(WHAT THE EXERCISE ASKS) Include in the reply only the lines from the start of the data below through the line containing "Em sua palestra", reproduced exactly and with no pictures.

(TASK INPUTS)
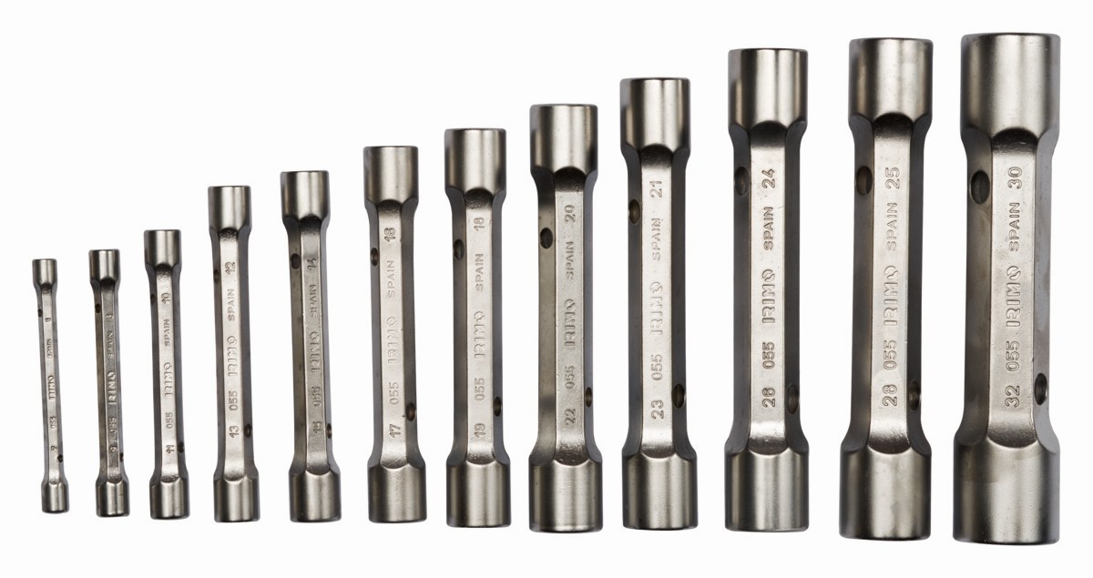 - Juego de 12 piezas en un estuche con llaves de tubo de 6 × 7 a 30 × 32 mm.
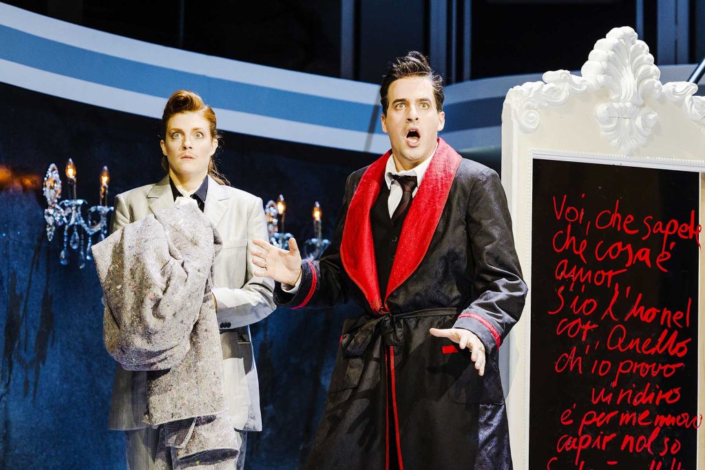Cantanti dunque credibili come attori, un po’ più in difficoltà – invece – nel rendere in modo icastico i meravigliosi versi di Da Ponte e le sue invenzioni linguistiche (risulta incomprensibile che questo grandissimo poeta non venga inserito nelle antologie scolastiche di letteratura italiana): non è vero infatti che la “parola scenica” nasca con Verdi – lui le darà soltanto il nome – perché incisività e divertita insolenza della battuta sono già perfettamente delineate nei libretti dapontiani scritti per Mozart.
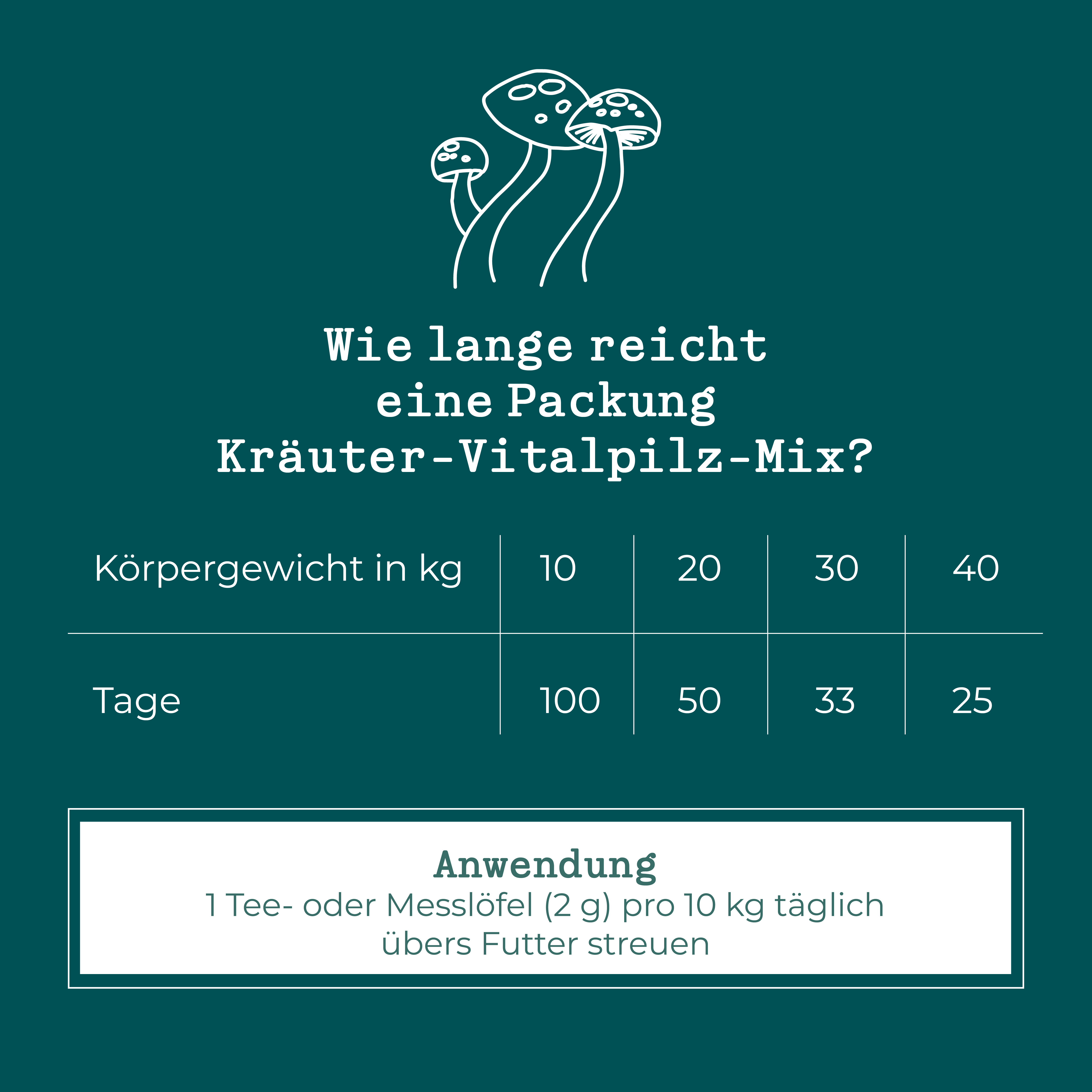 Das Pulver wird täglich unters Futter gemischt. Die Pulvermenge kann auf mehrere Futterrationen pro Tag aufgeteilt werden.
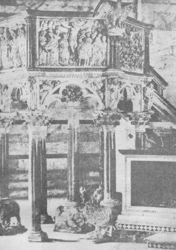 | Keywords: Pulpito Pisa 01.jpg en Nicola Pisano's pulpit with stairs in baptistry of Pisa Tuscany Italy it Pulpito di Nicola Pisano Duomo di Pisa; sono visibili le scale oggi rimosse Giorgio Batini Album di Pisa Firenze La Nazione 1972 Author Anni 1930 Pulpit in the Baptistry Pisa Historical images of the Baptistry Pisa PD-old |
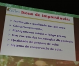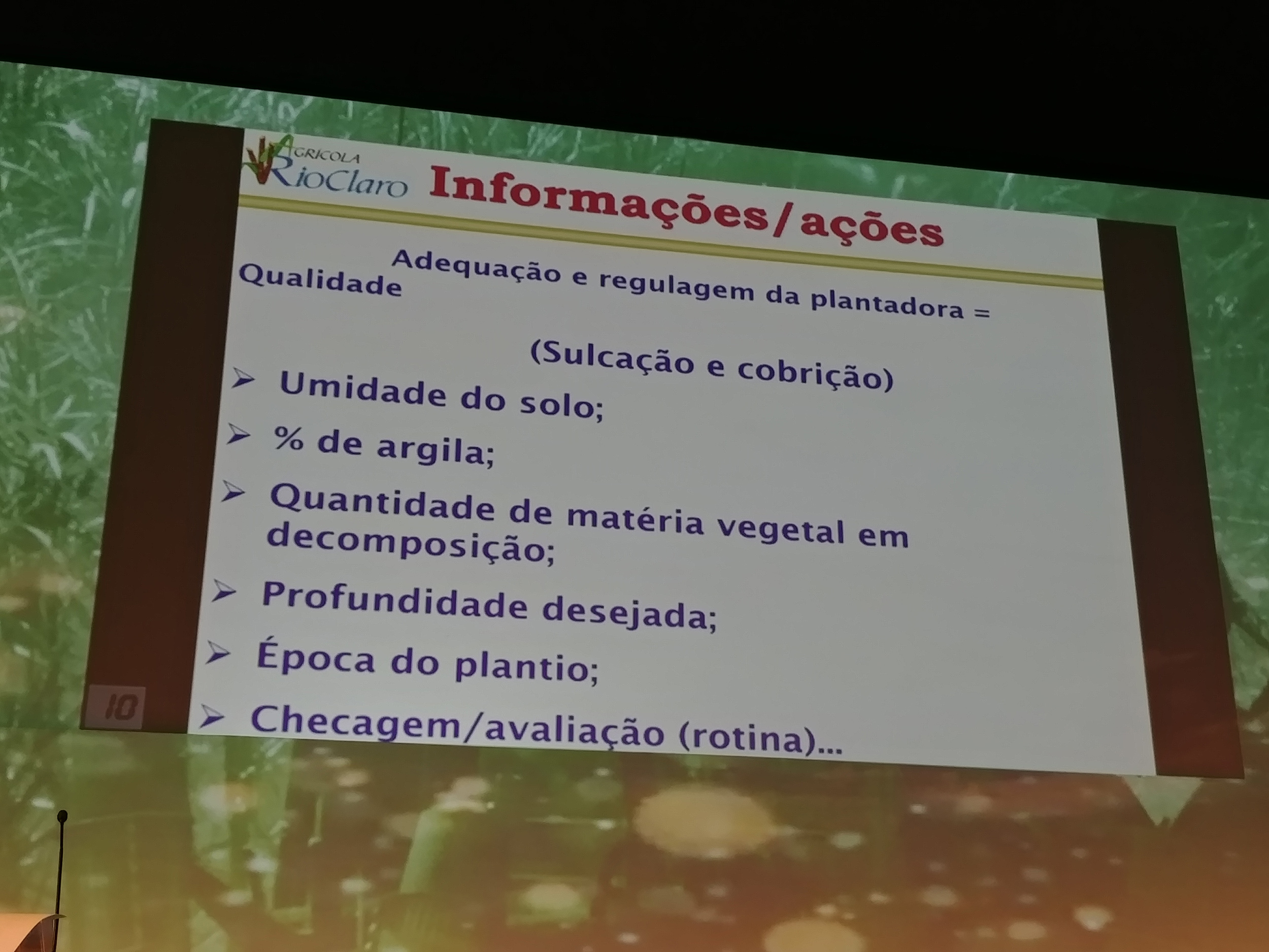 Em sua palestra “Um projeto de engenharia para plantio mecanizado de cana com qualidade”, Dalben apresentou as adaptações que fez na plantadora, como a substituição do trocador. A Rio Claro planta cerca de 500 hectares de cana por ano, tudo com máquina e com média de 10,6 toneladas de cana-muda por hectare.
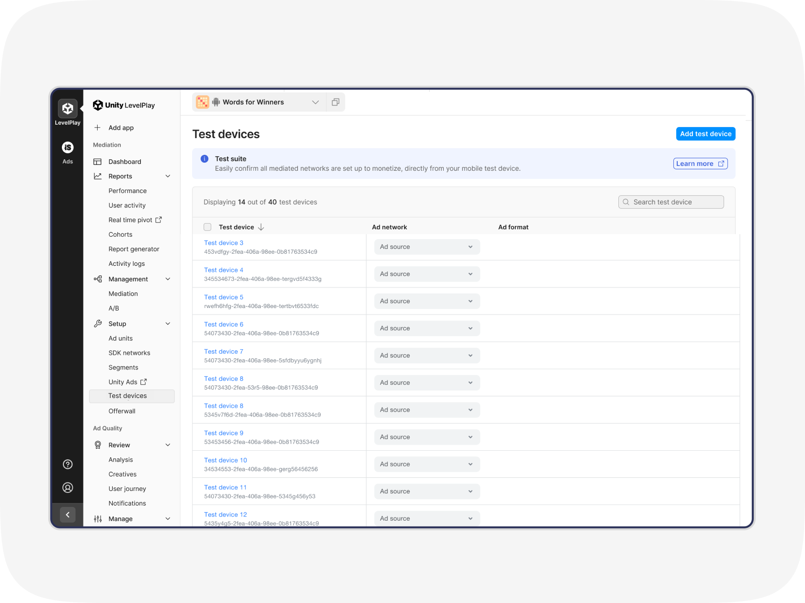 Confirm your configured mediated ad networks' are delivering ads on your test device. Follow these steps:- Go to Unity Levelplay in the left side nav bar and under Settings, select Test devices.
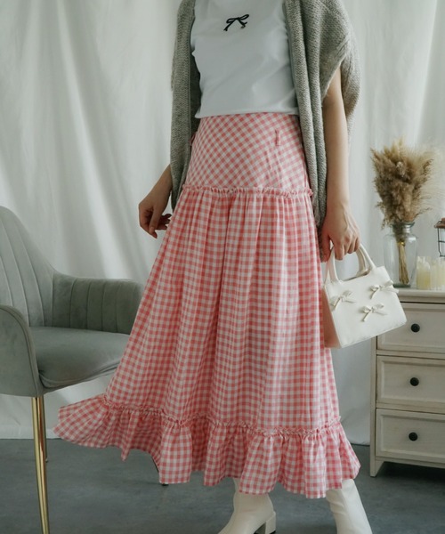 • 素材: 柔らかくて軽量な素材を使用し、通気性が良く快適な着心地を提供します。 • デザイン: 可愛らしいギンガムチェック柄と、ボリューム感のあるマキシ丈が特徴。裾にはフリルが施され、フェミニンな印象を与えます。 • カラー: ピンクと白のギンガムチェック。 • 用途: カジュアルな日常使いから、お出かけやリゾートスタイルまで幅広く対応。夏のコーディネートにぴったりです。 このスカートは、シンプルでありながらもおしゃれなデザインで、様々なシーンで活躍する一枚です。夏のファッションに彩りを添えるアイテムとしておすすめです。
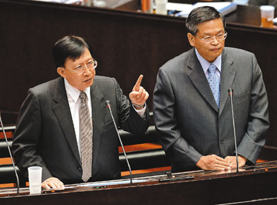 ■「行政院長」劉兆玄(左)與「金管會」主委陳樹。 中央社

(YOUR SOLUTION)
 - Juego de 12 piezas en un estuche con llaves de tubo de 6 × 7 a 30 × 32 mm.
Cantanti dunque credibili come attori, un po’ più in difficoltà – invece – nel rendere in modo icastico i meravigliosi versi di Da Ponte e le sue invenzioni linguistiche (risulta incomprensibile che questo grandissimo poeta non venga inserito nelle antologie scolastiche di letteratura italiana): non è vero infatti che la “parola scenica” nasca con Verdi – lui le darà soltanto il nome – perché incisività e divertita insolenza della battuta sono già perfettamente delineate nei libretti dapontiani scritti per Mozart.
 Das Pulver wird täglich unters Futter gemischt. Die Pulvermenge kann auf mehrere Futterrationen pro Tag aufgeteilt werden.
 | Keywords: Pulpito Pisa 01.jpg en Nicola Pisano's pulpit with stairs in baptistry of Pisa Tuscany Italy it Pulpito di Nicola Pisano Duomo di Pisa; sono visibili le scale oggi rimosse Giorgio Batini Album di Pisa Firenze La Nazione 1972 Author Anni 1930 Pulpit in the Baptistry Pisa Historical images of the Baptistry Pisa PD-old |
 Em sua palestra “Um projeto de engenharia para plantio mecanizado de cana com qualidade”, Dalben apresentou as adaptações que fez na plantadora, como a substituição do trocador. A Rio Claro planta cerca de 500 hectares de cana por ano, tudo com máquina e com média de 10,6 toneladas de cana-muda por hectare.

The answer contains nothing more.